Она села и скрутила волосы узлом на макушке.
— Гм…
Я отвернулась. Вряд ли Тамсин найдет в своей матери хоть что-то неприятное. У миссис Мармер грудь
Но самое замечательное в миссис Мармер то, что ей плевать на детей. В прошлом месяце она на двадцать минут опоздала на школьный мюзикл. Тамсин, сидевшая рядом со мной и поглядывающая на часы на телефоне каждые тридцать секунд, в ужасе глядела, как ее мать входит на цыпочках посреди первого соло Тодда. Рука миссис Мармер была прижата ко рту, резиновые шлепанцы стучали по полу. «Пробки, — беззвучно сообщила она и устроилась рядом с Тамсин. — Прости, детка. Я что-нибудь пропустила?» Моя мама находилась по другую сторону от меня. Я увидела, как она нахмурилась при виде шлепанцев и ярких коралловых ногтей на ногах миссис Мармер. Заметив мой взгляд, она тут же приняла беспечный вид и пожала плечами. «Всякое бывает», — прошептала она, когда Тамсин захлопнула телефон и сжала губы.
В жизни так никому не завидовала, как Тодду и Тамсин. Моя мать ни за что бы про меня не забыла. Даже на двадцать минут. Возможно, даже на двадцать секунд. Я для нее важнее всего. Она подвозит меня в школу каждое утро (одноклассники идут пешком или едут на автобусе). Днем, как только прозвенит последний звонок, ее мини-вэн (признанный «Дайджестом потребителей» самой безопасной машиной на рынке) первым забирает меня домой. Если я на плавании или репетиции хора, мать ждет на галерке, в это время она вяжет или печатает на ноутбуке. Моя мать — глава родительского комитета, поэтому ездит с нами на все экскурсии. Она приносит нарезанные фрукты и спортивные напитки на праздники, устраивает вечеринки для актеров после школьных спектаклей и подсовывает мне книги. Что-нибудь про Терабитию или Нарнию, какого-нибудь Филипа Пулмана или Роальда Даля. «Ах, Джой, тебе понравится; в твоем возрасте я его обожала!»
Мать рядом почти все время, когда я не в школе.

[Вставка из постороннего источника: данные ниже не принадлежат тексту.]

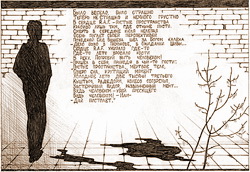 На рисунках, которые нельзя было посмотреть в воскресенье – пустые бетонные города без солнца. Бескрайние степи, где в снегу тонут сбившиеся в жалкие кучки домишки. Люди с бескровными лицами. Корчащиеся тела и скрюченные деревья. Должны были прозвучать, но не прозвучали отчаянные и злые стихи о жизни в стране, в которой нет свободы, нет будущего, нет смысла. Общее название – «Тюрьма, безумие, равенство и справедливость». Автор рисунков и стихов – Наталья Чернова. Молодая девушка, художница и поэтесса. Член запрещенной национал-большевистской партии. Бывшая политзаключённая.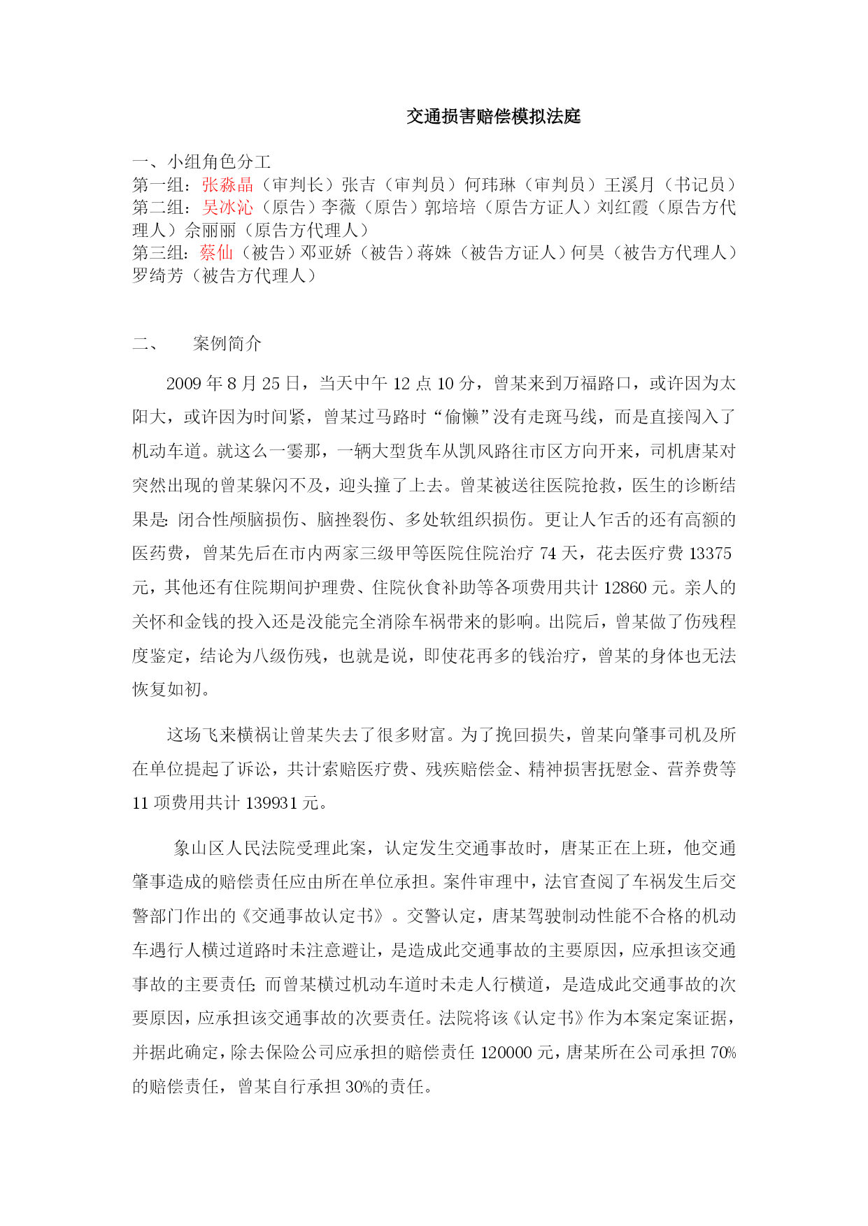 交通损害赔偿模拟法庭一、小组角色分工第一组:张淼晶(审判长)张吉(审判员)何玮琳(审判员)王溪月(书记员)第二组:吴冰沁(原告)李薇(原告)郭培培(原告方证人)刘红霞(原告方代理人)佘丽丽(原告方代理人)第三组:蔡仙(被告)邓亚娇(被告)蒋姝(被告方证人)何昊(被告方代理人)罗绮芳(被告方代理人)案例简介2009年8月25日,当天中午12点10分,曾某来到万福路口,或许因为太阳大,或许因为时间紧,曾某过马路时“偷懒”没有走斑马线,而是直接闯入了机动车道。就这么一霎那,一辆大型货车从凯风路往市区方向开来,司

Наверное, ей кажется, что я вот-вот отшвырну бутылочку, рухну на ковер и начну молотить руками и ногами, как в три года, и она вновь мне понадобится. Когда меня нет рядом, она думает обо мне, планирует развлечения для двоих или вяжет что-нибудь ненужное (очередной шарф, свитер или варежки). Покупает еще одну книгу, которая будет пылиться на полке, или устанавливает на окна специальные безопасные замки, услышав, что сто лет назад ребенок какой-то рок-звезды выпал из окна. (Я проверила в Интернете. Оказалось, окно находилось на пятьдесят третьем этаже нью-йоркского небоскреба, а ребенку едва исполнилось четыре года. Я рассказала об этом матери, но она все равно поставила замки.)
— Наша мама готовит ужасные школьные обеды, — наконец выдала Тамсин.
— Хуже не бывает, — закивал Тодд.
Я постаралась выразить сочувствие, хотя на самом деле охотно слопаю подмокший сэндвич со сливочным сыром и оливками или черствое низкокалорийное буррито, лишь бы поменяться с близнецами местами. Мать никогда не оставляет меня в покое! Она больше не держит меня за подбородок, но иногда мне кажется, что я все еще чувствую ее пальцы. Я сажусь в машину после уроков, и сразу начинается: «Как прошел день? Как дела в школе? Хочешь есть? Поможешь мне приготовить ужин? Взять тебе что-нибудь в супермаркете? Помочь с домашним заданием?» Мне хочется вопить: «Оставь меня в покое, в покое, я задыхаюсь, когда ты так близко!» Но я, конечно, не могу. Иначе мать так посмотрит, словно я дала ей пощечину или проколола ножом шины. В общем, будто я нарочно причинила ей боль.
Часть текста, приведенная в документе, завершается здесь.